--- WHAT IS EXPECTED ---
When you copy the listing, reproduce each line as it appears and omit every image.
*** Opening of RECORDS FOR THIS TASK ***
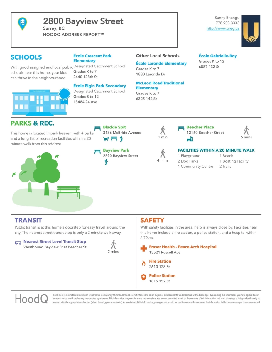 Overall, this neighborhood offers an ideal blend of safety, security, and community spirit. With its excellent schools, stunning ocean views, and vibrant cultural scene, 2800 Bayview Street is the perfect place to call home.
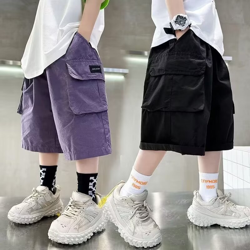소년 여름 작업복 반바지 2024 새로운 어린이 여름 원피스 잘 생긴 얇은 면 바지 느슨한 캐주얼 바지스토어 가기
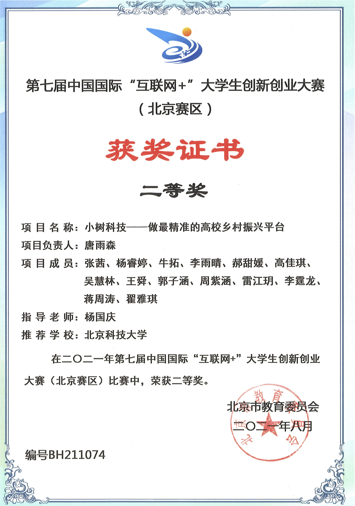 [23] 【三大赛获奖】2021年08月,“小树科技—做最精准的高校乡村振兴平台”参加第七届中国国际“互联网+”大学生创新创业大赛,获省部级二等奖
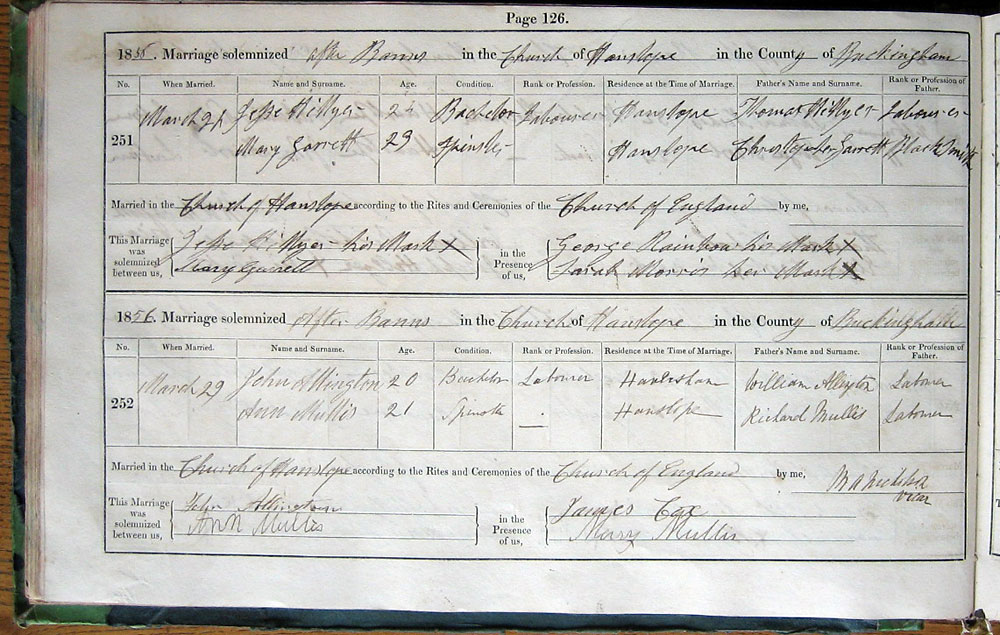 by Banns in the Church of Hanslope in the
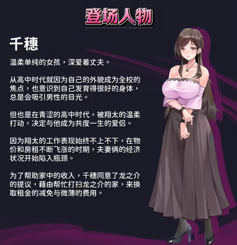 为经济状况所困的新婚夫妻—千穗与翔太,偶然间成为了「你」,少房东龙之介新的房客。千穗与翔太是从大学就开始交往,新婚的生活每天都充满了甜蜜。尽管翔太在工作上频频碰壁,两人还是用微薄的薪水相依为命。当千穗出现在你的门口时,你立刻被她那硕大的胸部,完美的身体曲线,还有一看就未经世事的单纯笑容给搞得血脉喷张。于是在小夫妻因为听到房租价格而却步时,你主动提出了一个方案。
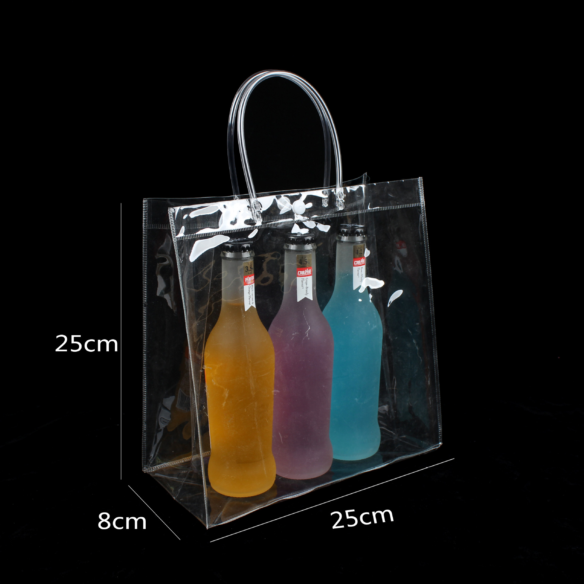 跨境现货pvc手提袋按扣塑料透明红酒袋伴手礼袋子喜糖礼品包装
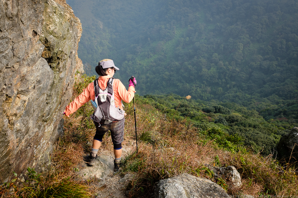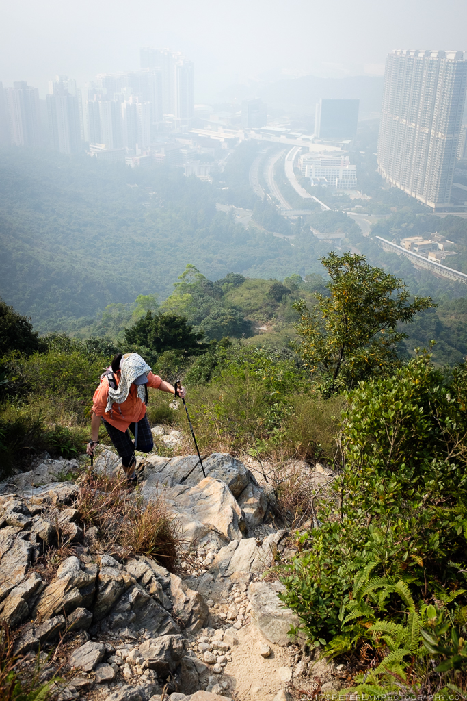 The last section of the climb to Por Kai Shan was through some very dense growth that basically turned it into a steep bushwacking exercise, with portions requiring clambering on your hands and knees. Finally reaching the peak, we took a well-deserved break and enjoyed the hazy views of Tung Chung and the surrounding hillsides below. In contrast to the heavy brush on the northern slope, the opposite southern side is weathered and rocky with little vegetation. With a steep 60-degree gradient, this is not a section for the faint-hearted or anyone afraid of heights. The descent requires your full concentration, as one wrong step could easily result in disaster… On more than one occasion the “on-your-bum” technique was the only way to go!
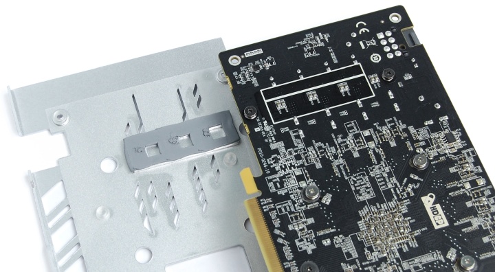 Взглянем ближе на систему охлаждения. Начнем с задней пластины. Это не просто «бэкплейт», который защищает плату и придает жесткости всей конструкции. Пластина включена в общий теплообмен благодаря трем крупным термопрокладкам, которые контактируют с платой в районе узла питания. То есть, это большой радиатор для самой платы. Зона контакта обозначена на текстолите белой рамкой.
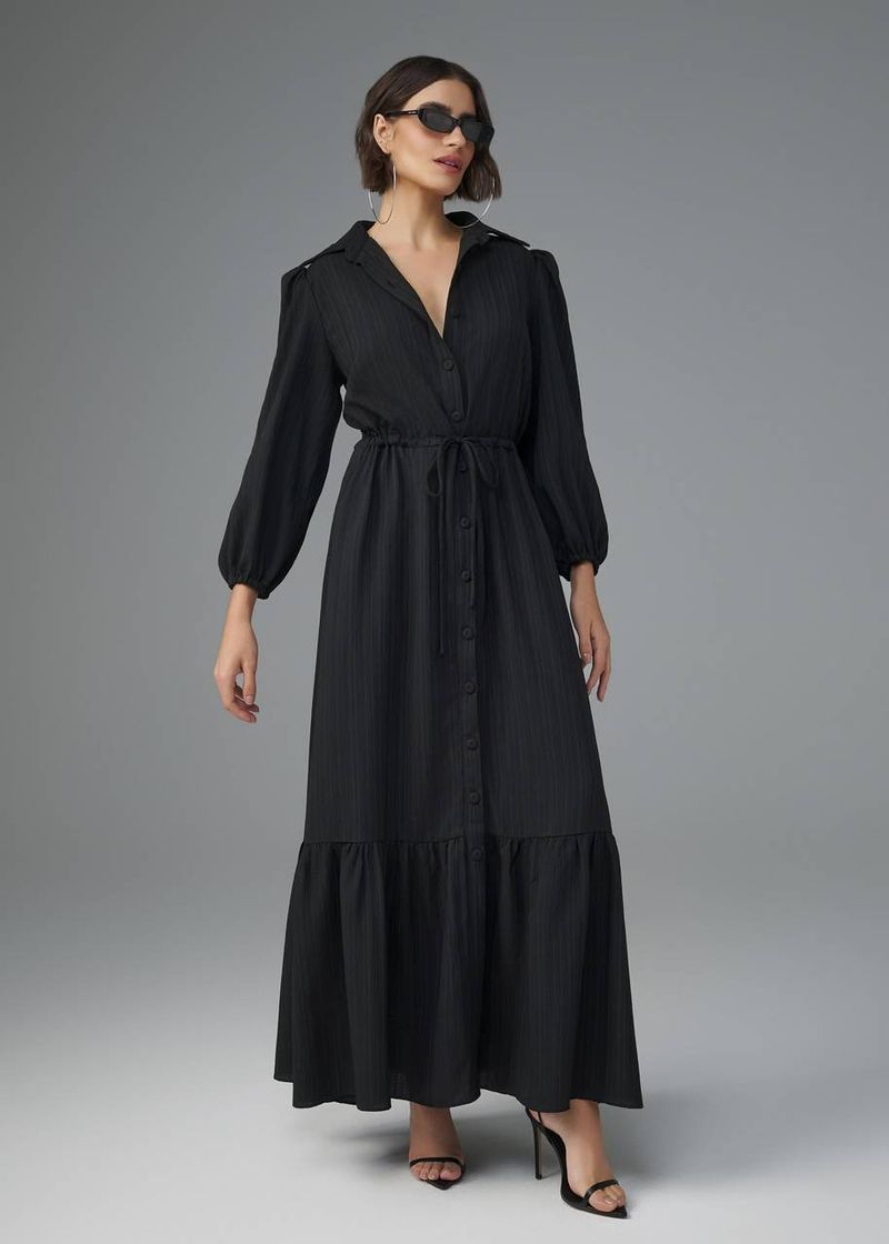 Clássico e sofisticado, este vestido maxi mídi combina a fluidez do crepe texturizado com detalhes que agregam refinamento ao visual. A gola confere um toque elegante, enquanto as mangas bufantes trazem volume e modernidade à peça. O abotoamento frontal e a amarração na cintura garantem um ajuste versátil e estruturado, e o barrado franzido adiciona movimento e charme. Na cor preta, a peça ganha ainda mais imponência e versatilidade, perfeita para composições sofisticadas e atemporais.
*** Close of RECORDS FOR THIS TASK ***
--- COMPLETED TASK ---
 Overall, this neighborhood offers an ideal blend of safety, security, and community spirit. With its excellent schools, stunning ocean views, and vibrant cultural scene, 2800 Bayview Street is the perfect place to call home.
소년 여름 작업복 반바지 2024 새로운 어린이 여름 원피스 잘 생긴 얇은 면 바지 느슨한 캐주얼 바지스토어 가기
 [23] 【三大赛获奖】2021年08月,“小树科技—做最精准的高校乡村振兴平台”参加第七届中国国际“互联网+”大学生创新创业大赛,获省部级二等奖
 by Banns in the Church of Hanslope in the
 为经济状况所困的新婚夫妻—千穗与翔太,偶然间成为了「你」,少房东龙之介新的房客。千穗与翔太是从大学就开始交往,新婚的生活每天都充满了甜蜜。尽管翔太在工作上频频碰壁,两人还是用微薄的薪水相依为命。当千穗出现在你的门口时,你立刻被她那硕大的胸部,完美的身体曲线,还有一看就未经世事的单纯笑容给搞得血脉喷张。于是在小夫妻因为听到房租价格而却步时,你主动提出了一个方案。
 跨境现货pvc手提袋按扣塑料透明红酒袋伴手礼袋子喜糖礼品包装
 The last section of the climb to Por Kai Shan was through some very dense growth that basically turned it into a steep bushwacking exercise, with portions requiring clambering on your hands and knees. Finally reaching the peak, we took a well-deserved break and enjoyed the hazy views of Tung Chung and the surrounding hillsides below. In contrast to the heavy brush on the northern slope, the opposite southern side is weathered and rocky with little vegetation. With a steep 60-degree gradient, this is not a section for the faint-hearted or anyone afraid of heights. The descent requires your full concentration, as one wrong step could easily result in disaster… On more than one occasion the “on-your-bum” technique was the only way to go!
 Взглянем ближе на систему охлаждения. Начнем с задней пластины. Это не просто «бэкплейт», который защищает плату и придает жесткости всей конструкции. Пластина включена в общий теплообмен благодаря трем крупным термопрокладкам, которые контактируют с платой в районе узла питания. То есть, это большой радиатор для самой платы. Зона контакта обозначена на текстолите белой рамкой.
 Clássico e sofisticado, este vestido maxi mídi combina a fluidez do crepe texturizado com detalhes que agregam refinamento ao visual. A gola confere um toque elegante, enquanto as mangas bufantes trazem volume e modernidade à peça. O abotoamento frontal e a amarração na cintura garantem um ajuste versátil e estruturado, e o barrado franzido adiciona movimento e charme. Na cor preta, a peça ganha ainda mais imponência e versatilidade, perfeita para composições sofisticadas e atemporais.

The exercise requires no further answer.